*WORK INSTRUCTIONS*: Please return the records below exactly as they appear, leaving every picture out.

*INPUT DATA*:

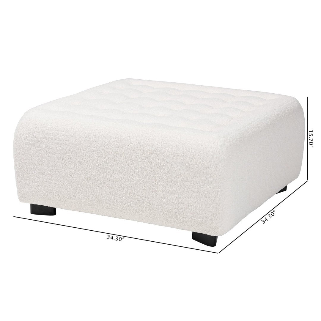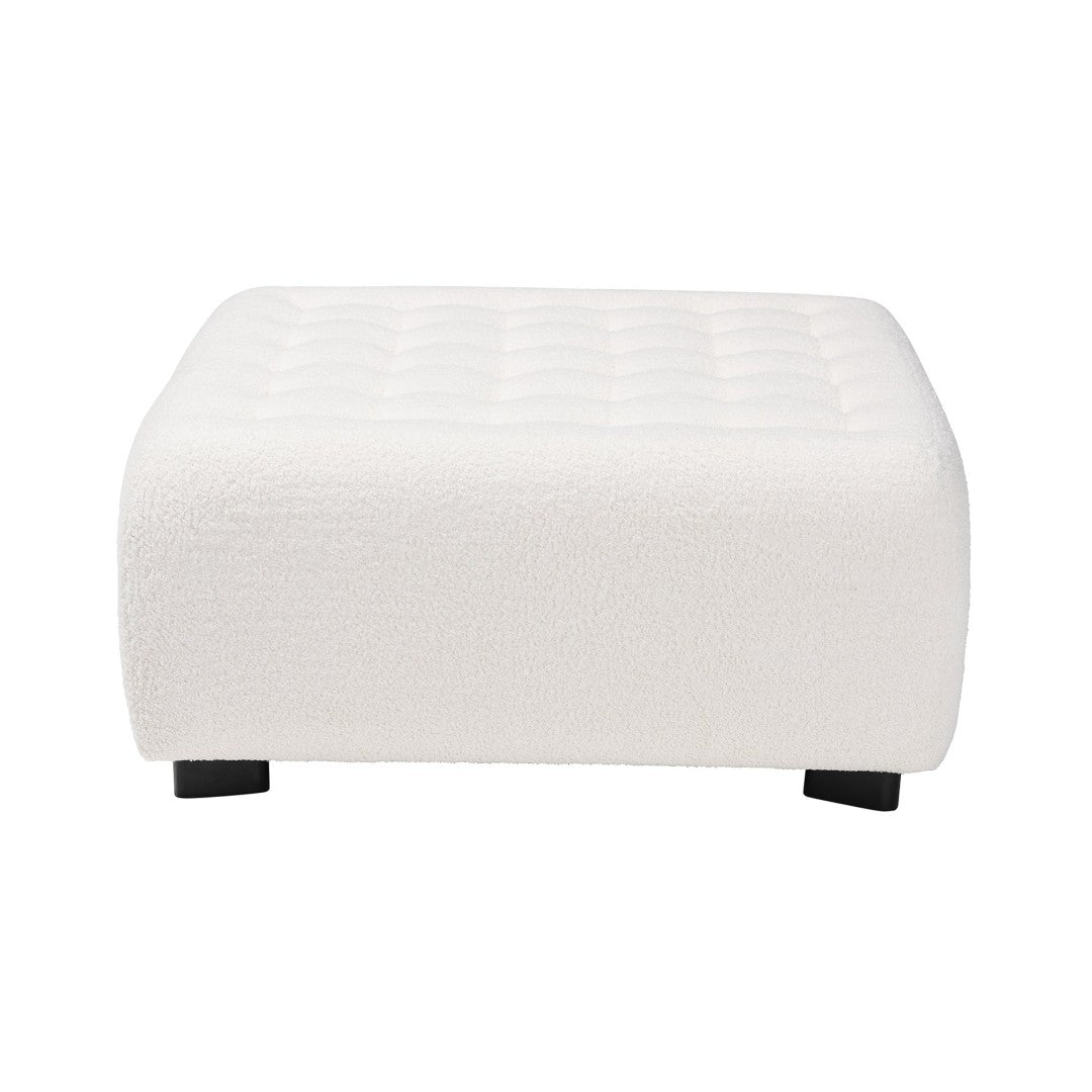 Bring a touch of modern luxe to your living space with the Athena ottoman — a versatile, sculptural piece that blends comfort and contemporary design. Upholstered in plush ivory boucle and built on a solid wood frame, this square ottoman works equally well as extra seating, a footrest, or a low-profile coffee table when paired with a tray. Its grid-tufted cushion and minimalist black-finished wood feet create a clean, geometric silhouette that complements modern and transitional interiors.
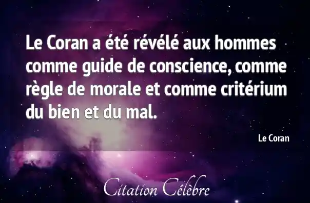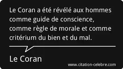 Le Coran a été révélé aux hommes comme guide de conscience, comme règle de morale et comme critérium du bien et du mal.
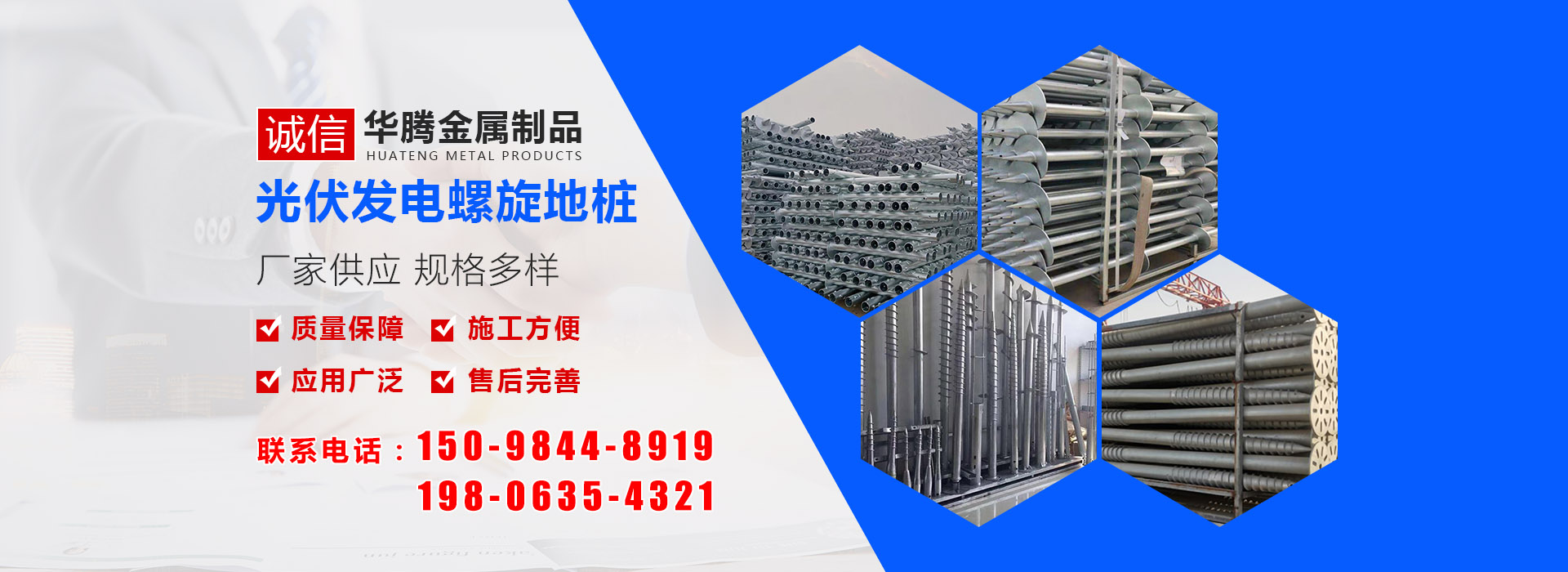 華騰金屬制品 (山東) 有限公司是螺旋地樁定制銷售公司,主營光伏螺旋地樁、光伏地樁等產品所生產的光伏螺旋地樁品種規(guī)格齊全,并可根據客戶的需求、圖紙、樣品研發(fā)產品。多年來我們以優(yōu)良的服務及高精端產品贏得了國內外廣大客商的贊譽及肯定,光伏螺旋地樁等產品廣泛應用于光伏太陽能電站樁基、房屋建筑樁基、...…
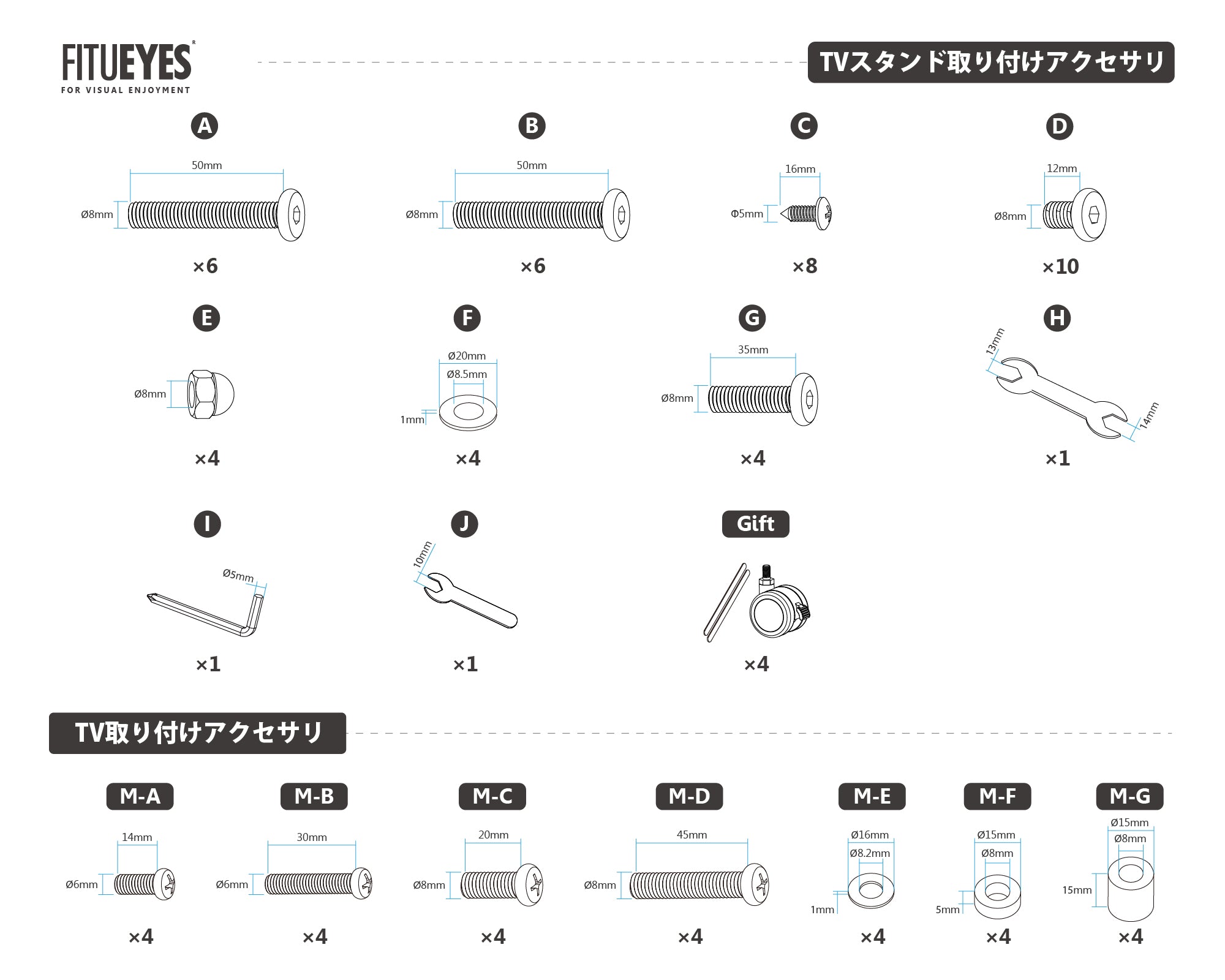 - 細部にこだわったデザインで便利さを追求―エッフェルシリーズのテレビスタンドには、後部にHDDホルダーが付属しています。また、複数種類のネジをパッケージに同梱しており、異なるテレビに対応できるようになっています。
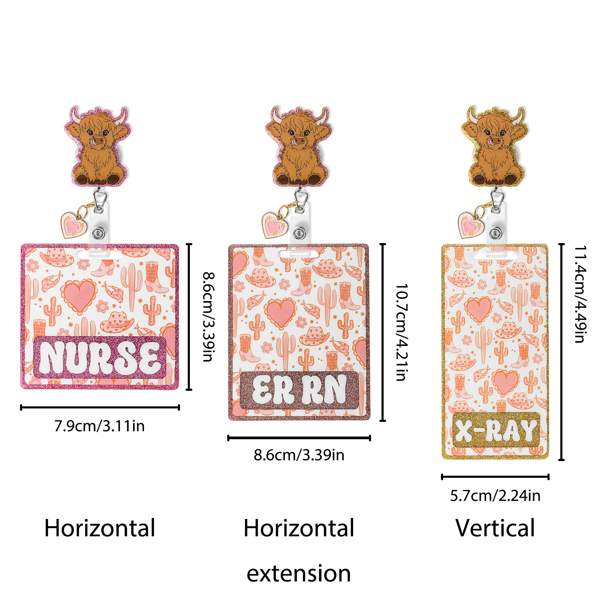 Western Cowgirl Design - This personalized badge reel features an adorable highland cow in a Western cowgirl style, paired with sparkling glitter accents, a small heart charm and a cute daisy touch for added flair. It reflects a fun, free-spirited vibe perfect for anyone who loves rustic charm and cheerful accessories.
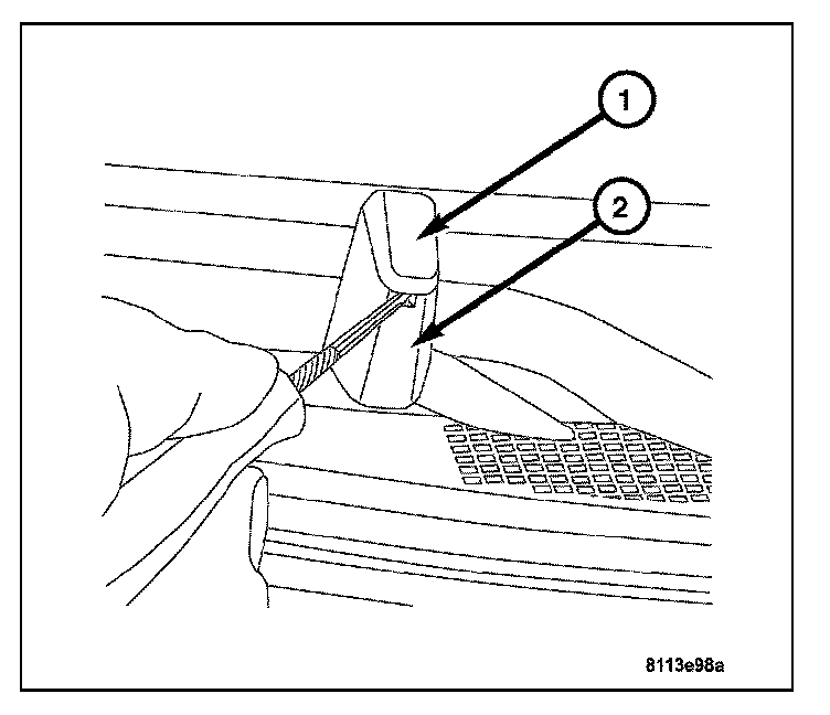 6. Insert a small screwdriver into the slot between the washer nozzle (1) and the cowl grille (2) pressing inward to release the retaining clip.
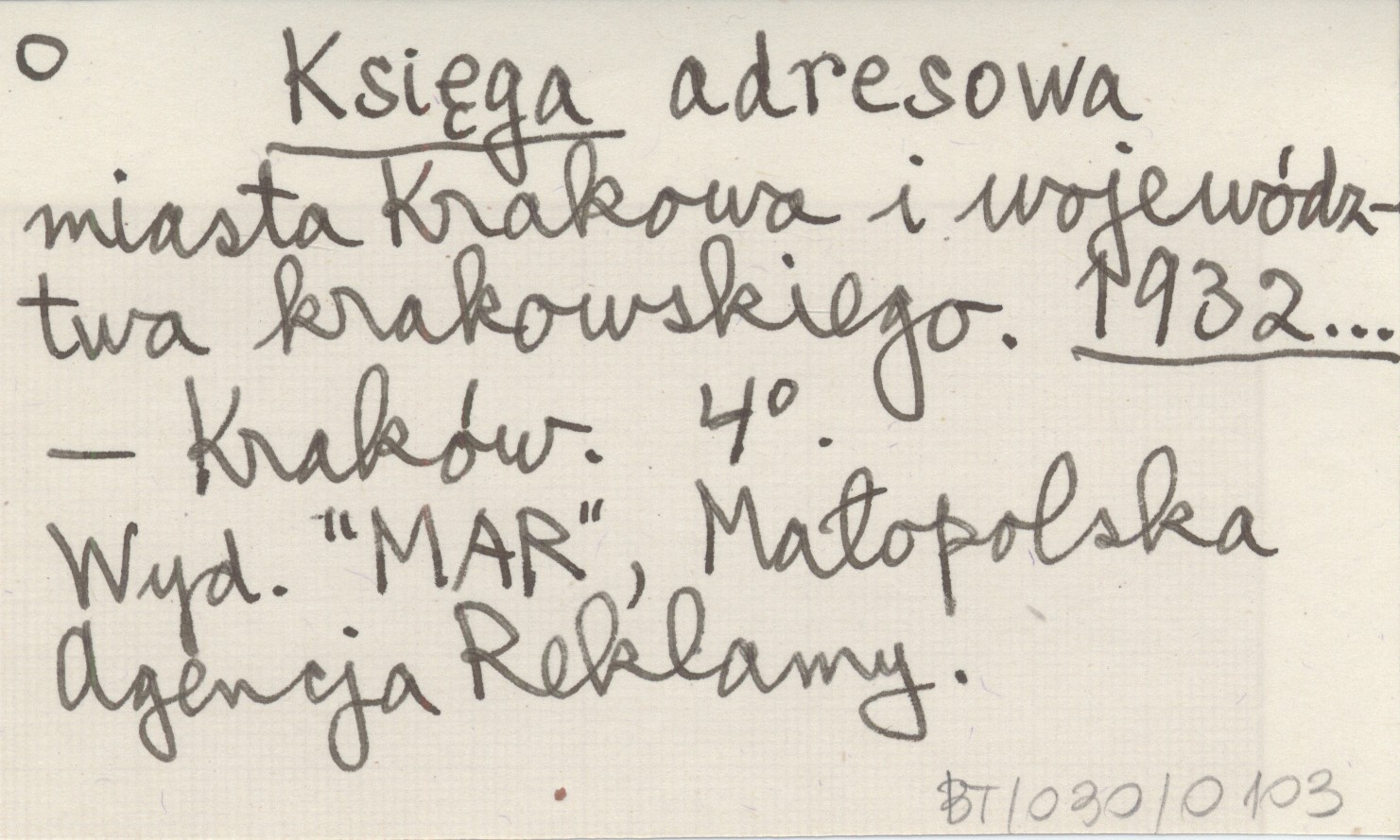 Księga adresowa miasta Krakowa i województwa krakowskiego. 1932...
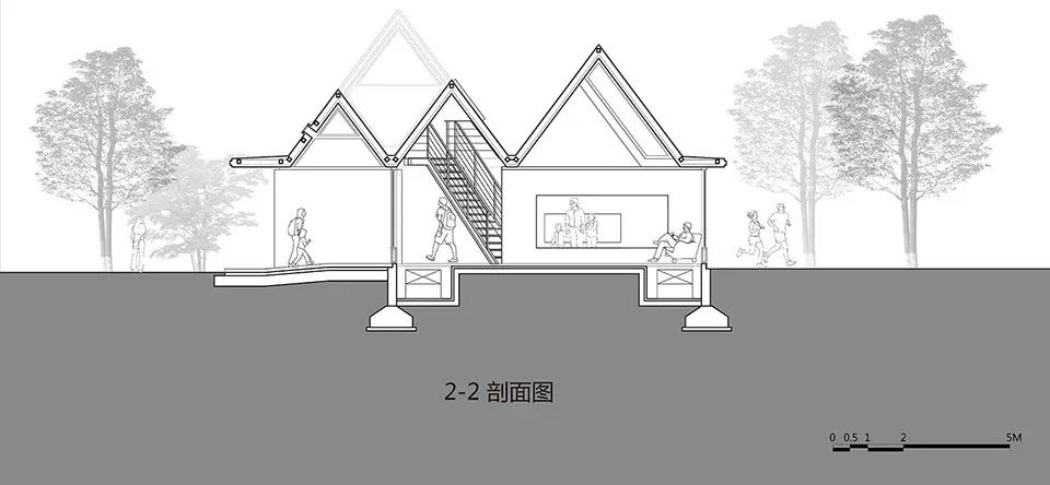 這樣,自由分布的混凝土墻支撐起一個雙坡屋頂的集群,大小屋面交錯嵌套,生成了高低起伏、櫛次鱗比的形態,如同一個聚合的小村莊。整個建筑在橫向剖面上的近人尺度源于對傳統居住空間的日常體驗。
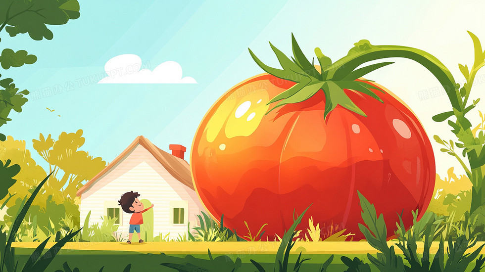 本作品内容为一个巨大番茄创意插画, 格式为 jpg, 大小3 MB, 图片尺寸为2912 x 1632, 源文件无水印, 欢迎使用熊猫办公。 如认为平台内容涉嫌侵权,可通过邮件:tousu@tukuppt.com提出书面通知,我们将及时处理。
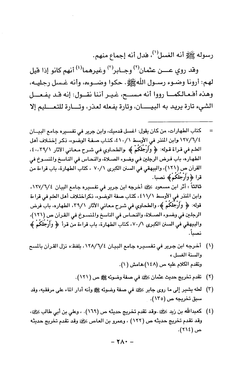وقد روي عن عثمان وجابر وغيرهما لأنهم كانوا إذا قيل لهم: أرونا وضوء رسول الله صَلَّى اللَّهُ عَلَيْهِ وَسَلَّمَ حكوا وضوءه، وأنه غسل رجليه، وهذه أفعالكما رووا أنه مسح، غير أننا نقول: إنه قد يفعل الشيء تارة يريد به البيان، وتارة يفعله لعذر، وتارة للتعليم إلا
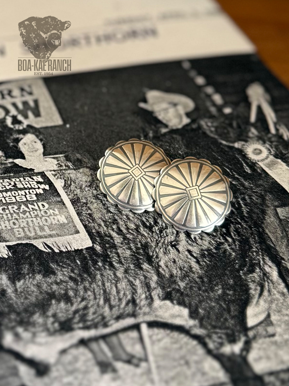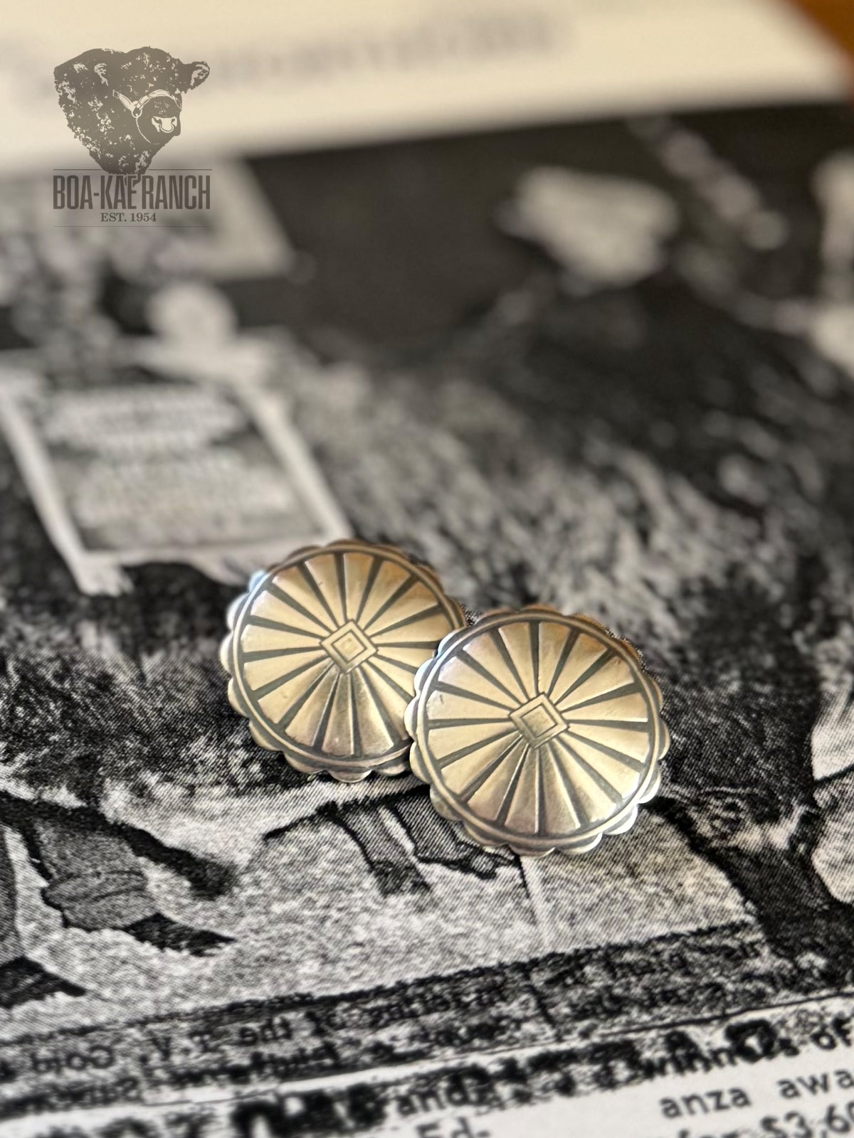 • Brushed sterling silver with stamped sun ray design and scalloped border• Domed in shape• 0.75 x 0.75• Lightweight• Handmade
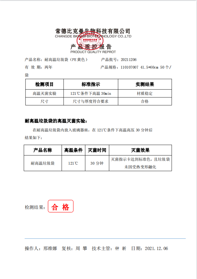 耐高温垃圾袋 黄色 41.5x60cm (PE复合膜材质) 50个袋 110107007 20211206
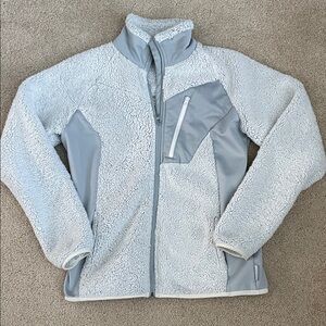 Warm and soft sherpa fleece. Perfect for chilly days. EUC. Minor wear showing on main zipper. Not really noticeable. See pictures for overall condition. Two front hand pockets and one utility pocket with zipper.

*EXPECTED ANSWER*:
 Bring a touch of modern luxe to your living space with the Athena ottoman — a versatile, sculptural piece that blends comfort and contemporary design. Upholstered in plush ivory boucle and built on a solid wood frame, this square ottoman works equally well as extra seating, a footrest, or a low-profile coffee table when paired with a tray. Its grid-tufted cushion and minimalist black-finished wood feet create a clean, geometric silhouette that complements modern and transitional interiors.
 Le Coran a été révélé aux hommes comme guide de conscience, comme règle de morale et comme critérium du bien et du mal.
 華騰金屬制品 (山東) 有限公司是螺旋地樁定制銷售公司,主營光伏螺旋地樁、光伏地樁等產品所生產的光伏螺旋地樁品種規(guī)格齊全,并可根據客戶的需求、圖紙、樣品研發(fā)產品。多年來我們以優(yōu)良的服務及高精端產品贏得了國內外廣大客商的贊譽及肯定,光伏螺旋地樁等產品廣泛應用于光伏太陽能電站樁基、房屋建筑樁基、...…
 - 細部にこだわったデザインで便利さを追求―エッフェルシリーズのテレビスタンドには、後部にHDDホルダーが付属しています。また、複数種類のネジをパッケージに同梱しており、異なるテレビに対応できるようになっています。
 Western Cowgirl Design - This personalized badge reel features an adorable highland cow in a Western cowgirl style, paired with sparkling glitter accents, a small heart charm and a cute daisy touch for added flair. It reflects a fun, free-spirited vibe perfect for anyone who loves rustic charm and cheerful accessories.
 6. Insert a small screwdriver into the slot between the washer nozzle (1) and the cowl grille (2) pressing inward to release the retaining clip.
 Księga adresowa miasta Krakowa i województwa krakowskiego. 1932...
 這樣,自由分布的混凝土墻支撐起一個雙坡屋頂的集群,大小屋面交錯嵌套,生成了高低起伏、櫛次鱗比的形態,如同一個聚合的小村莊。整個建筑在橫向剖面上的近人尺度源于對傳統居住空間的日常體驗。
 本作品内容为一个巨大番茄创意插画, 格式为 jpg, 大小3 MB, 图片尺寸为2912 x 1632, 源文件无水印, 欢迎使用熊猫办公。 如认为平台内容涉嫌侵权,可通过邮件:tousu@tukuppt.com提出书面通知,我们将及时处理。
وقد روي عن عثمان وجابر وغيرهما لأنهم كانوا إذا قيل لهم: أرونا وضوء رسول الله صَلَّى اللَّهُ عَلَيْهِ وَسَلَّمَ حكوا وضوءه، وأنه غسل رجليه، وهذه أفعالكما رووا أنه مسح، غير أننا نقول: إنه قد يفعل الشيء تارة يريد به البيان، وتارة يفعله لعذر، وتارة للتعليم إلا
 • Brushed sterling silver with stamped sun ray design and scalloped border• Domed in shape• 0.75 x 0.75• Lightweight• Handmade
 耐高温垃圾袋 黄色 41.5x60cm (PE复合膜材质) 50个袋 110107007 20211206
 Warm and soft sherpa fleece. Perfect for chilly days. EUC. Minor wear showing on main zipper. Not really noticeable. See pictures for overall condition. Two front hand pockets and one utility pocket with zipper.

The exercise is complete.